Greg Daniels, 35, thought working at the ProCare pharmacy, which caters to fellow HIVers in San Francisco’s Castro district, was his best job ever—until fatigue and flulike symptoms hit in 2003. Daniels requested a schedule reduction, but says management withheld the necessary paperwork. “I couldn’t work—I didn’t know what to do.” So he quit, then found a seminar at an AIDS service organization on HIV in the workplace—which helped him snag a pro bono lawyer through San Francisco’s AIDS Legal Referral Panel. That December, he began the long lawsuit process against CVS, ProCare’s parent company. On May 10, 2005, a jury awarded him $276,711 (a hefty amount for an HIV job-discrimination case). CVS may appeal, telling POZ: “[We do] not tolerate discrimination of any kind. We provided him with the form to work part-time.” Says Daniels: “I hope other people know their rights so what happened to me won’t happen to them.”

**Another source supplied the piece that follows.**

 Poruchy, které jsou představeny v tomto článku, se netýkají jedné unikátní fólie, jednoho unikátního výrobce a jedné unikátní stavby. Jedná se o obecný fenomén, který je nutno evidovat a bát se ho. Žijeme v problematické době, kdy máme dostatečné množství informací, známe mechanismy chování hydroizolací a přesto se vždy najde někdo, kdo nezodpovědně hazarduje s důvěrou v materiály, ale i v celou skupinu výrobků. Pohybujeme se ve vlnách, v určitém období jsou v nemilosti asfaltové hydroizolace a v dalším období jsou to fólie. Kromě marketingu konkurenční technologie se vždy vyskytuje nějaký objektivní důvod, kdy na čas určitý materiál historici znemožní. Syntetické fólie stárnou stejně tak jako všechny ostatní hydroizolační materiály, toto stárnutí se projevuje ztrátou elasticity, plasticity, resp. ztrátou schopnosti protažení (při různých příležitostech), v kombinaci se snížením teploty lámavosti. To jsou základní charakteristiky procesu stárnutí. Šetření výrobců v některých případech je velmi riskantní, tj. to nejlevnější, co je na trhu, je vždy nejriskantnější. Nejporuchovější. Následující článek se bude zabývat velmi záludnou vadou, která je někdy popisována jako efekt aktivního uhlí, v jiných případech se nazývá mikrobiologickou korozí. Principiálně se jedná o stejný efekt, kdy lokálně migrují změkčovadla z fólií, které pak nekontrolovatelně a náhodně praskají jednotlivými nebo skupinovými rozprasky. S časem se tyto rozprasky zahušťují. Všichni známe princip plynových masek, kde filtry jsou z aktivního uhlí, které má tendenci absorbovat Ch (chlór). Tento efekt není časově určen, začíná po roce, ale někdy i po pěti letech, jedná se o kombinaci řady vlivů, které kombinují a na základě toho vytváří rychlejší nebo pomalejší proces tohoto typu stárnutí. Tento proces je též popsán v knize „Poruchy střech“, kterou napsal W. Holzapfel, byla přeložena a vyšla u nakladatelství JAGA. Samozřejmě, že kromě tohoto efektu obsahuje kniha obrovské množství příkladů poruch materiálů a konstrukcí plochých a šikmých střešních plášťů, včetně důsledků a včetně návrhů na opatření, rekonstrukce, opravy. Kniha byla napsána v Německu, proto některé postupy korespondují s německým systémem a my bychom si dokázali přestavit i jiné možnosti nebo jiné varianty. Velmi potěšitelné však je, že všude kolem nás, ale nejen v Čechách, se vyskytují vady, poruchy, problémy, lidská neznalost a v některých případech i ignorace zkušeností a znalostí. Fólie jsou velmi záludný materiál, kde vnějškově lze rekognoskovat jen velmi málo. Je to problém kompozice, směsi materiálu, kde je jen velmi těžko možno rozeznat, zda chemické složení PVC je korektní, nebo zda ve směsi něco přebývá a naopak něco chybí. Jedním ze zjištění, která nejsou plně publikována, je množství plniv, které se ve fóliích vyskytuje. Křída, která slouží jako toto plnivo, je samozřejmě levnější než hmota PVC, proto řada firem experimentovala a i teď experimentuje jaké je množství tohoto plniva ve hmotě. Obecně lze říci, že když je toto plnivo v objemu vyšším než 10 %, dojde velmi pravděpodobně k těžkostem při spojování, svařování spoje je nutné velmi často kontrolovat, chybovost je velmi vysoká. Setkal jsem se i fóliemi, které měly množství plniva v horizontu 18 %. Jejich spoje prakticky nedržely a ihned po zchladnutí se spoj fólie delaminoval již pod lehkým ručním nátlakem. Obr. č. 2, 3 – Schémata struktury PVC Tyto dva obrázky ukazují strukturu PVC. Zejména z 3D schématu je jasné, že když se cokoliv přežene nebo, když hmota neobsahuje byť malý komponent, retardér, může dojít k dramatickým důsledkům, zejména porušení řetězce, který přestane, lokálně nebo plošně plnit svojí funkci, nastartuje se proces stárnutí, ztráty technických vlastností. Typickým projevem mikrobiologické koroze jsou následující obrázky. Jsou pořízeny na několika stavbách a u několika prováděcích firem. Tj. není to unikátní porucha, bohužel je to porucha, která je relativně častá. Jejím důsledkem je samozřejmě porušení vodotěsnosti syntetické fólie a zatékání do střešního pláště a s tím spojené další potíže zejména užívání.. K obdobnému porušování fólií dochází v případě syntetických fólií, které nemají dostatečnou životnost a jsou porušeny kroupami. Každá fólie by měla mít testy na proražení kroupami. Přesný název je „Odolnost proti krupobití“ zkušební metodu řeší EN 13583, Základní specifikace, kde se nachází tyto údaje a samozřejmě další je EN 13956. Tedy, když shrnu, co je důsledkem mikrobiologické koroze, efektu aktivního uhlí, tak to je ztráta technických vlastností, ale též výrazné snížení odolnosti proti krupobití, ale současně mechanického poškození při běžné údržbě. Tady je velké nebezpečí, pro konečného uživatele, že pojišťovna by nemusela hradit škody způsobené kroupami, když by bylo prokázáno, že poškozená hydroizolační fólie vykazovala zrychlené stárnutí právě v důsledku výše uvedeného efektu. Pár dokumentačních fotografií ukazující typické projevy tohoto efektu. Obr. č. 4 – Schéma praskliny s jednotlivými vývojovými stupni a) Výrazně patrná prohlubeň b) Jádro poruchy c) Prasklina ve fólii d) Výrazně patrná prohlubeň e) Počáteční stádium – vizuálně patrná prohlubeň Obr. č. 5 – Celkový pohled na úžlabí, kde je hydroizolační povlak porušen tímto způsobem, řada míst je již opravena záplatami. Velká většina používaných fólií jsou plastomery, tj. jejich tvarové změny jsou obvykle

What are those rights? The federal Americans With Disabilities Act (ADA) requires employers to “reasonably accommodate” HIVers’ health-related work requests. But such flexibility shouldn’t cause companies “undue hardship” or undue cost. Accommodation may require compromise from both sides. HIVers commonly request schedule changes, the option to work from home or a refrigerator for meds. Jon Givner, director of the HIV Project at Lambda Legal, advises talking to employers first, then submitting requests in writing, referencing ADA rights. A lawsuit is the last resort. But bringing home the bacon shouldn’t fry your health.